Rationalists and Empiricists

•           Who were the rationalists?  Roughly, people characterized by the following:

–      Significant role for a priori knowledge

–      Emphasis on necessary truths

–      Significant role for innate knowledge

•           Empiricists were inclined to deny the above

 

Rationalists and Empiricists

•           Some philosophers generally regarded as rationalists: Descartes (1596- 1650), Spinoza (1632-1677), and Leibniz (1646-1716)

•           Some philosophers generally regarded as empiricists: Locke (1632-1704), Berkeley (1685-1753), and Hume (1711-1776)

 

Kinds of Human Inquiry

•           What are the two types of human inquiry Hume identifies?

•           What characterizes these different types of inquiry?

 

Cause and Effect

•           What are reasonings concerning matters of fact based on?

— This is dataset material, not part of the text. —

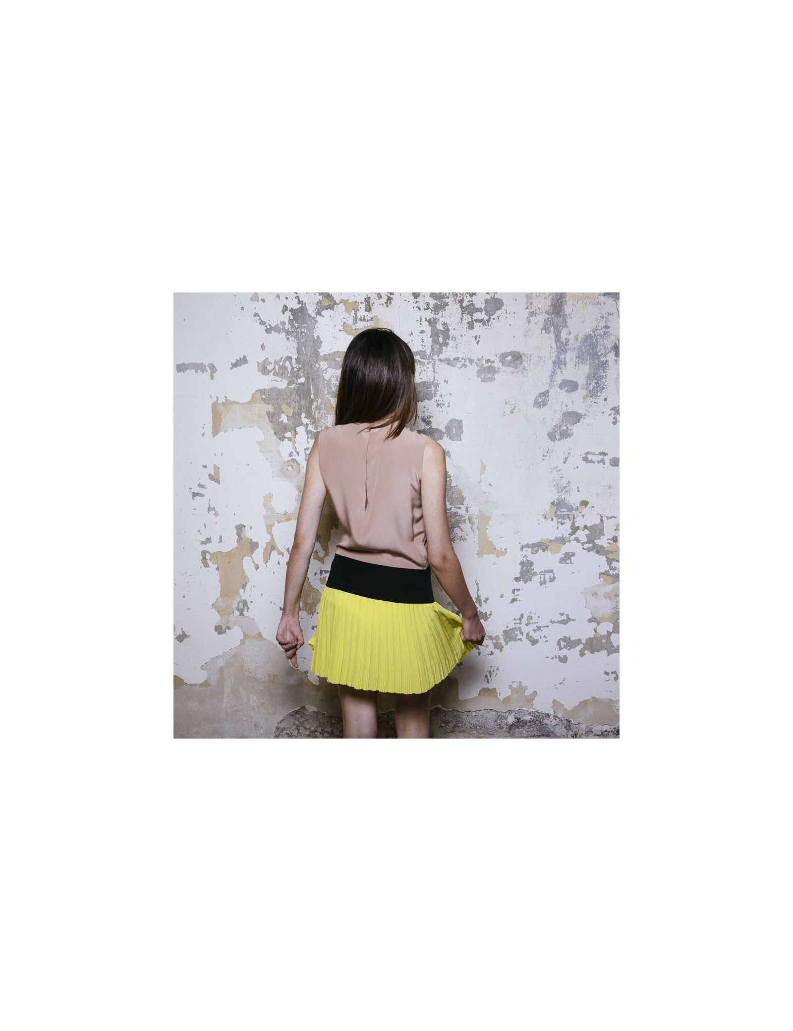 Dimensions à plat : largeur sous les aisselles 47 cm, hauteur totale 87 cm, largeur taille 40 cm (bande noire), ampleur du bas 59 cm, longueur fermeture zippée 32 cm

•           Does Hume think that cause and effect reasoning can be understood a priori?

•           Some quotes

•           The difference between induction and cause and effect

 

Skeptical Doubts Regarding Matters of Fact

•            1: All reasoning regarding induction and cause and effect makes use of

    F – the future will resemble the past.

•            2: To prove F, one must reason to a matter of fact;

•            3: Any reasoning to a matter of fact invokes F; therefore,

•            4: Any proof of F is circular and unconvincing.

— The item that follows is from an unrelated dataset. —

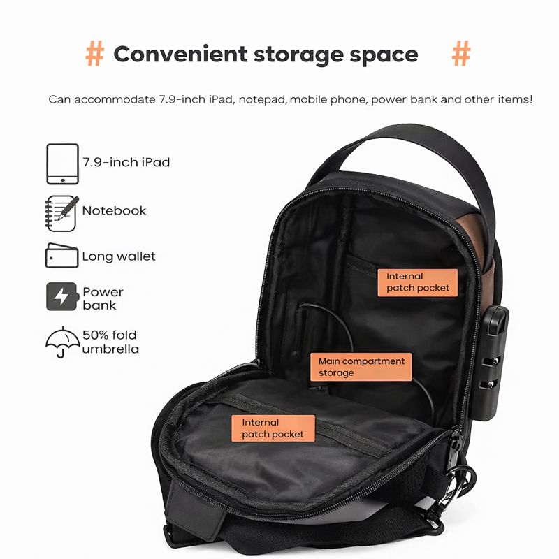 • 【USB CHARGING】This crossbody shoulder bag features a built-in USB charging port for convenient device charging on-the-go while keeping your belongings secure.This small backpack has a large capacity, size 32*22*5 cm, suitable for men, women, boys and girls. It has 3 outer pocket with chain. The sling hiking bag has two multi purpose compartment with safety lock. Pockets of thie Spiffy bag can hold personal belongings like tablets, wallets, pens, notebooks, ipads, cigarettes, cameras, thermos cups,round 5 A4 books and other stuff.

•            5: Any justification or proof of induction and cause and effect requires a justification or proof of F; therefore,

•            6: No proof or justification of induction or cause and effect can be given that is non-circular and convincing.

 

More Skeptical Doubts & a Response

•           The argument from our inability to spot necessary connections.

•           What is Hume’s account of induction and cause and effect?